What is expected » What needs transcribing is the line with "Set of 5 Gemstone" and every line after it to the end of the records, exactly and alone, with no pictures.

Material for this exercise »
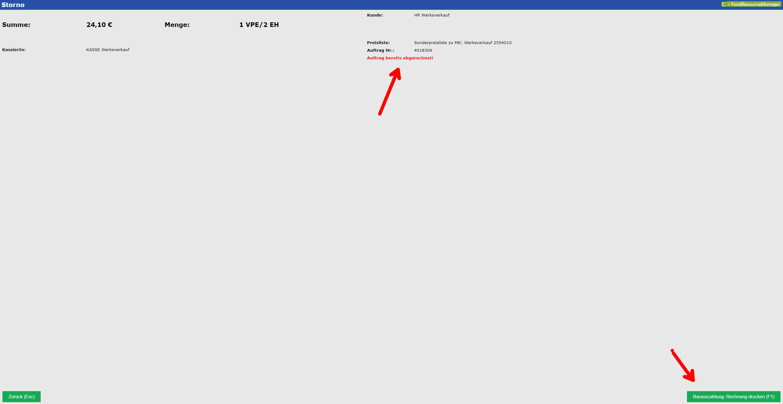 - Auflösung des OPs gegen die Kasse (Barverkauf)
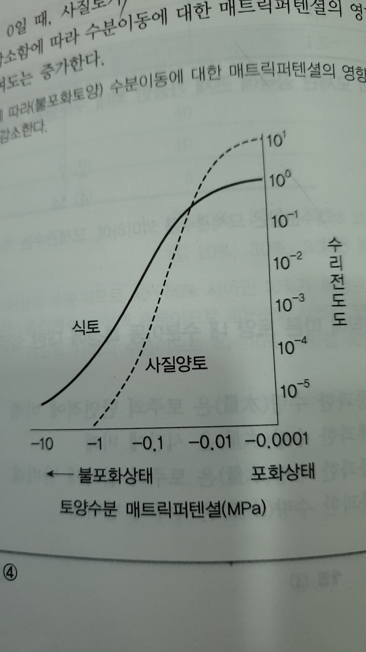 즉, 같은 불포화상태이지만 어느 정도 이상으로 수분 함량이 높을 때는 큰 공극을 통해 물이 이동하므로 큰 공극이 많은 사질계통의 토양에서 수리전도도가 식토보다 큰 것입니다. -
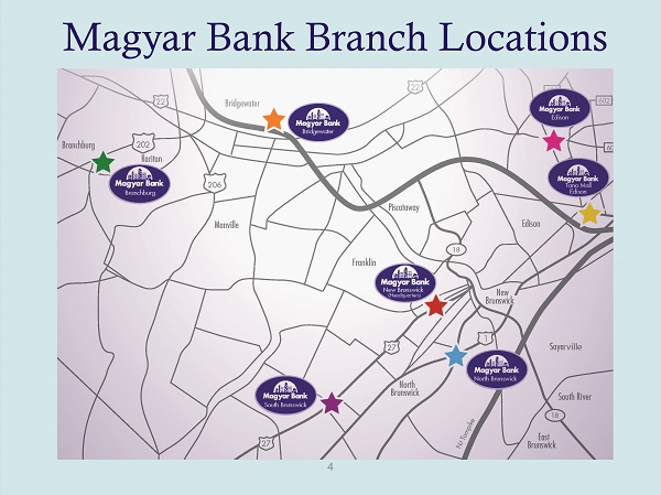 Magyar Bancorp, Inc. Overview ▪ Magyar Bank, a New Jersey chartered savings bank originally founded in 1922, is the wholly owned subsidiary of Magyar Bancorp, Inc. ▪ Magyar Bancorp, Inc., trades on NASDAQ under the symbol MGYR. ▪ As of December 31, 2023, we had $917 million in total assets, $729 million in loans, $764 million in deposits and $107 million in stockholders’ equity. ▪ Magyar Bank conducts its business from its main office in New Brunswick and six additional branch offices located in North Brunswick, South Brunswick, Branchburg, Bridgewater, and two in Edison, New Jersey. 3
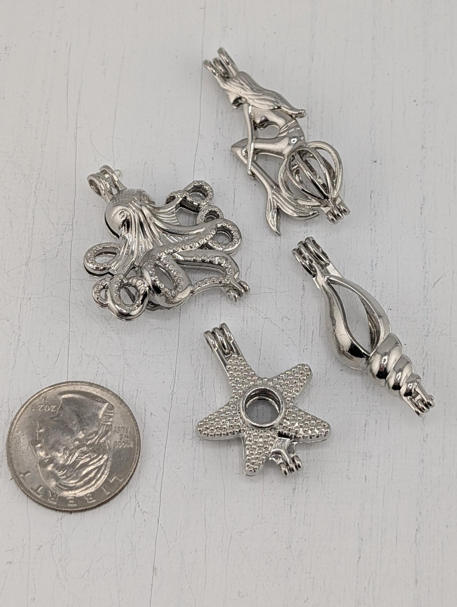 Set of 5 Gemstone Bead Holder Pendant or Bag Charm
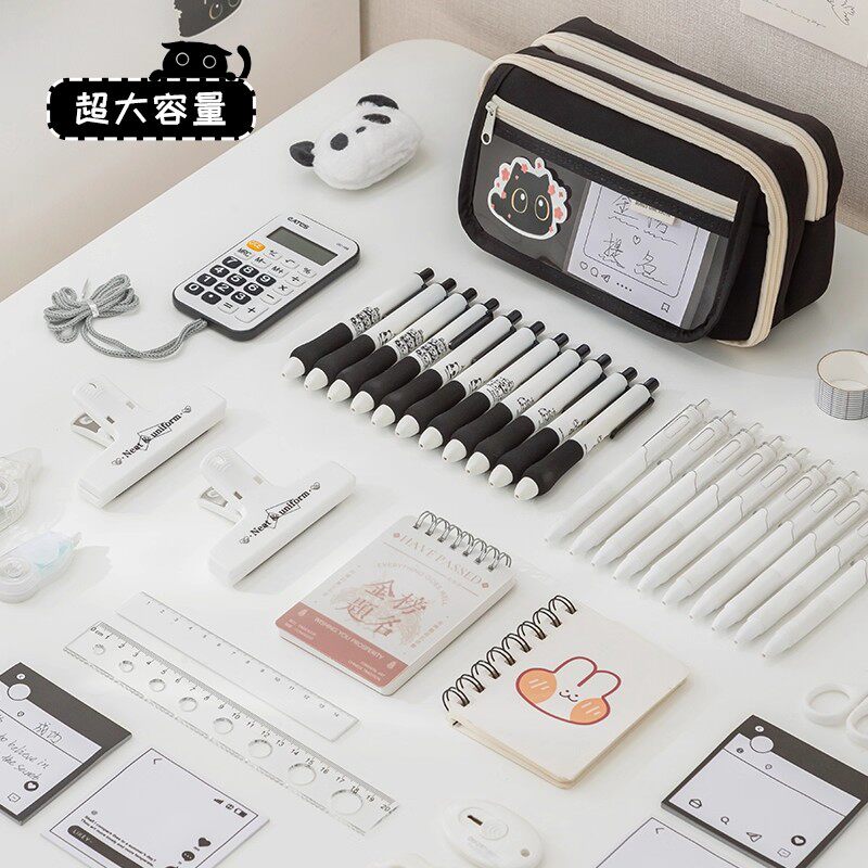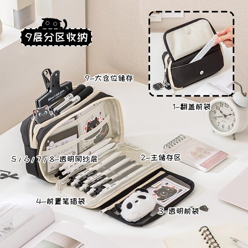 超耐脏小黑猫~多功能大容量笔袋新款超火透明文具盒女生款高颜值ins风小学生铅笔盒痛包超大奶油玩偶猫咪

Task response »
 Set of 5 Gemstone Bead Holder Pendant or Bag Charm
 超耐脏小黑猫~多功能大容量笔袋新款超火透明文具盒女生款高颜值ins风小学生铅笔盒痛包超大奶油玩偶猫咪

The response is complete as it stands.